问题
I am using pickle
to save my trained ML model. For the learning part, I am using scikit-learn
library and building a RandomForestClassifier
rf = RandomForestClassifier(n_estimators=100, max_depth=20,
min_samples_split=2, max_features='auto', oob_score=True,
random_state=123456)
rf.fit(X, y)
fp = open('model.pckl', 'wb')
pickle.dump(rf, fp, protocol=2)
fp.close()
I uploaded this model on S3 and I am fetching this model using boto3
library in AWS Lambda.
s3_client = boto3.client('s3')
bucket = 'mlbucket'
key = 'model.pckl'
download_path = '/tmp/{}{}'.format(uuid.uuid4(), key)
s3_client.download_file(bucket, key, download_path)
f = open(download_path, 'rb')
model = pickle.load(f)
f.close()
However, I am getting ValueError: non-string names in Numpy dtype unpickling
error at this line: model = pickle.load(f)
Here's the log:
START RequestId: 3d8a1263-1e3c-11e8-8bdb-03c0ef524c0e Version: $LATEST
non-string names in Numpy dtype unpickling: ValueError
Traceback (most recent call last):
File "/var/task/function.py", line 31, in handler
model = pickle.load(f)
File "/usr/lib64/python2.7/pickle.py", line 1384, in load
return Unpickler(file).load()
File "/usr/lib64/python2.7/pickle.py", line 864, in load
dispatch[key](self)
File "/usr/lib64/python2.7/pickle.py", line 1223, in load_build
setstate(state)
ValueError: non-string names in Numpy dtype unpickling
I am using python 2.7
on both local machine as well as AWS Lambda.
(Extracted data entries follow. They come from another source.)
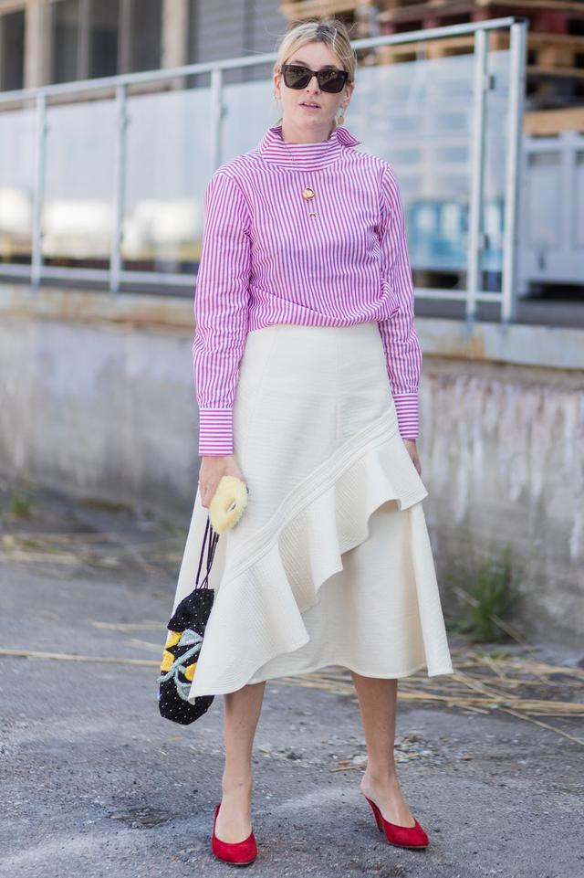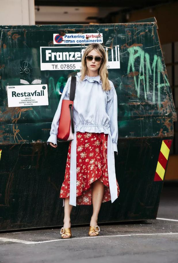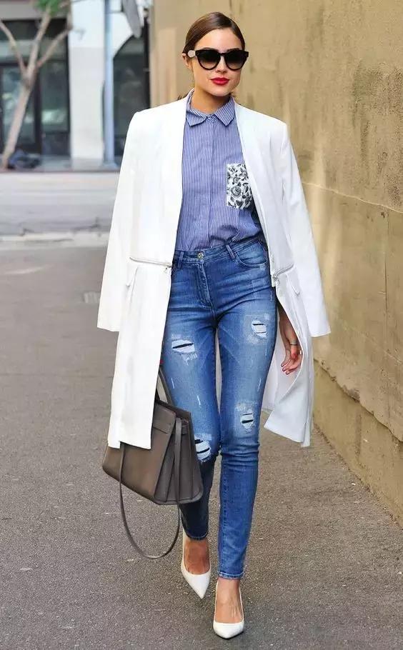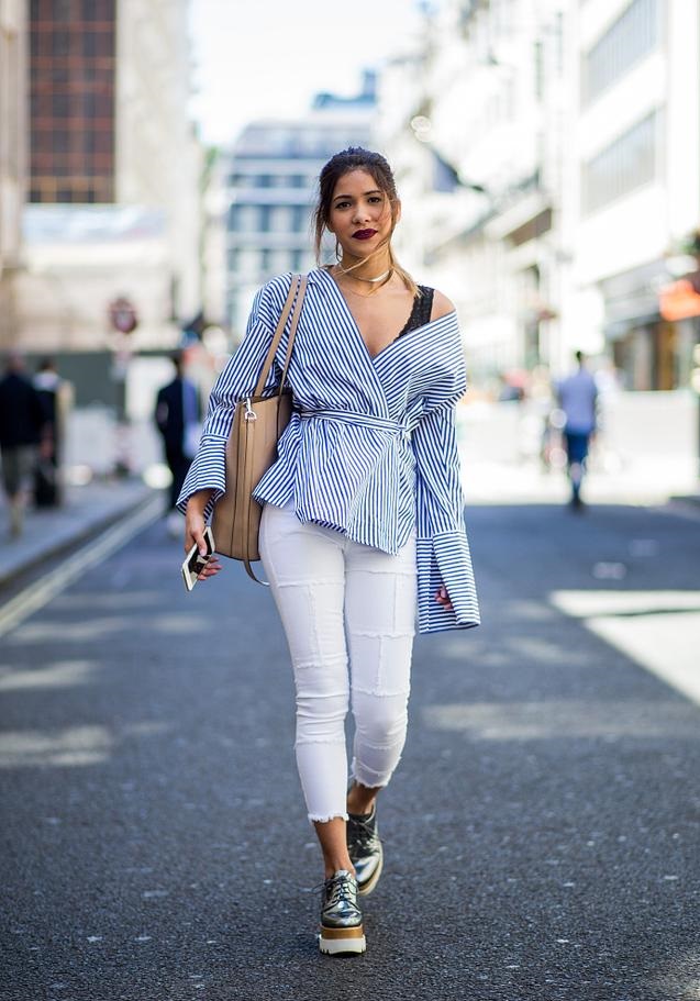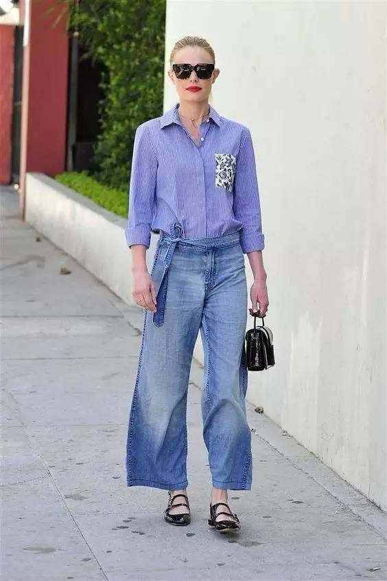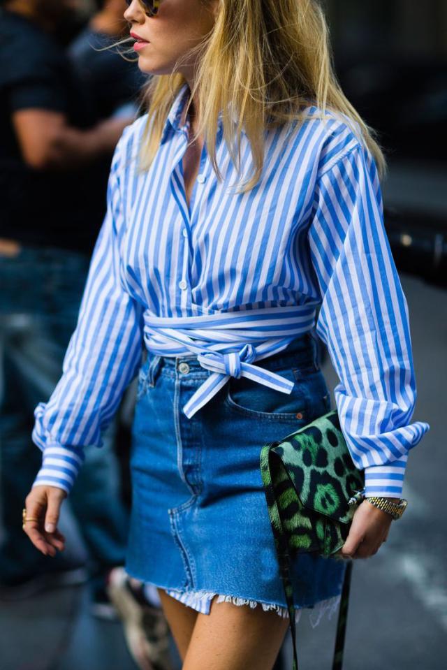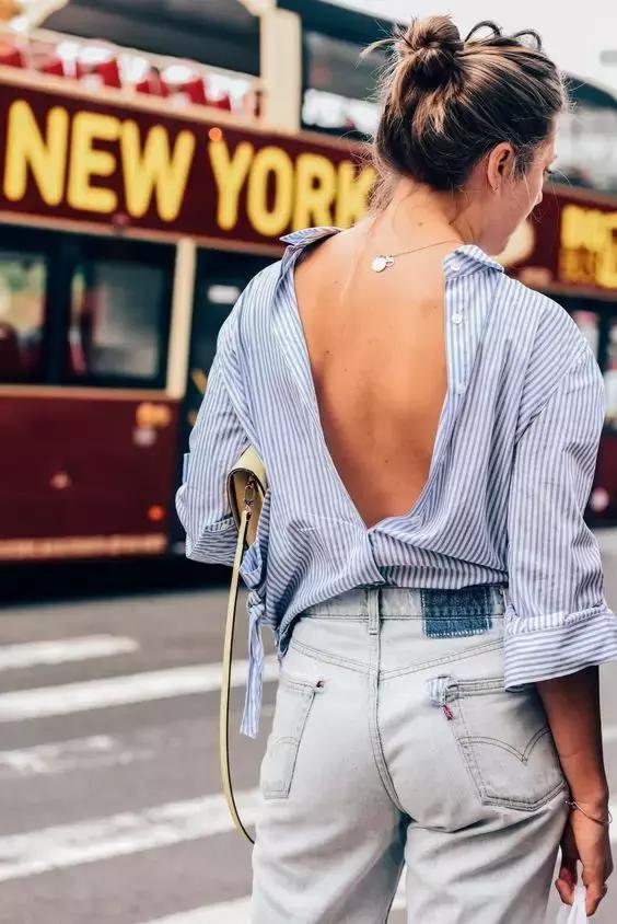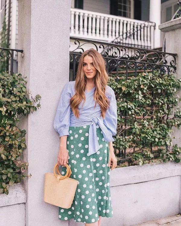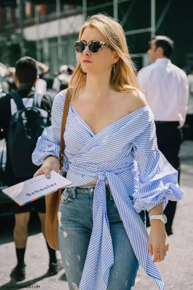 藍白、紅白條紋的襯衫春天穿很是清新,粗一點、寬一點的條紋更醒目一些,加上腰帶或者不好好穿都是搭配的技巧。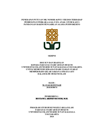 M. Syauqi Fittaqi, NIM.: 20103050074 (2024) PENERAPAN PUTUSAN MK NOMOR 46/PUU-VIII/2010 TERHADAP PEMBUKTIAN PERKARA ASAL-USUL ANAK: STUDI KASUS PANDANGAN HAKIM PENGADILAN AGAMA PURWOKERTO. Skripsi thesis, UIN SUNAN KALIJAGA YOGYAKARTA.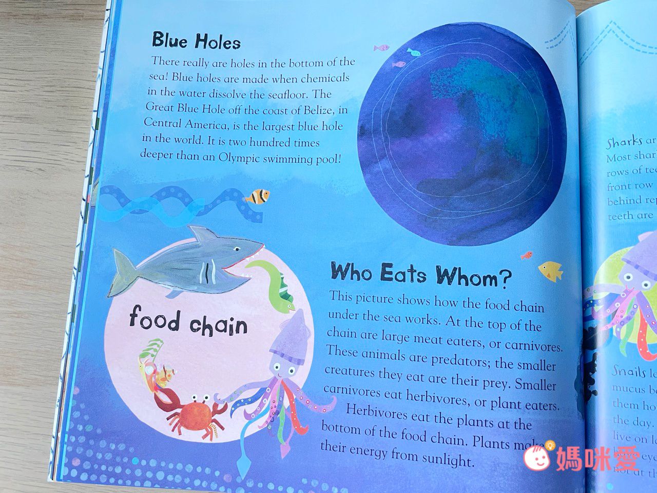 生動的把海洋動物放進海裡的大黑洞裡,每一頁都可以認識新的海洋動物呢!

The weird part is that the pickle.load()
is working fine on my local machine.
I have used this code to test pickle
on my local machine:
with open('/home/Documents/model.pckl', 'rb') as f:
rf = pickle.load(f)
回答1:
I found out that the problem was with the library version mismatch.
The libraries that I uploaded on AWS Lambda after zipping (numpy, scipy, etc.) were of the latest version, whereas the libraries on my local machine were older. As soon as I updated the libraries on my local machine, built the pickle objects and updated them on S3, lambda started working fine.
So, it turns out that the versions of not only python, but also the libraries do matter when pickling objects.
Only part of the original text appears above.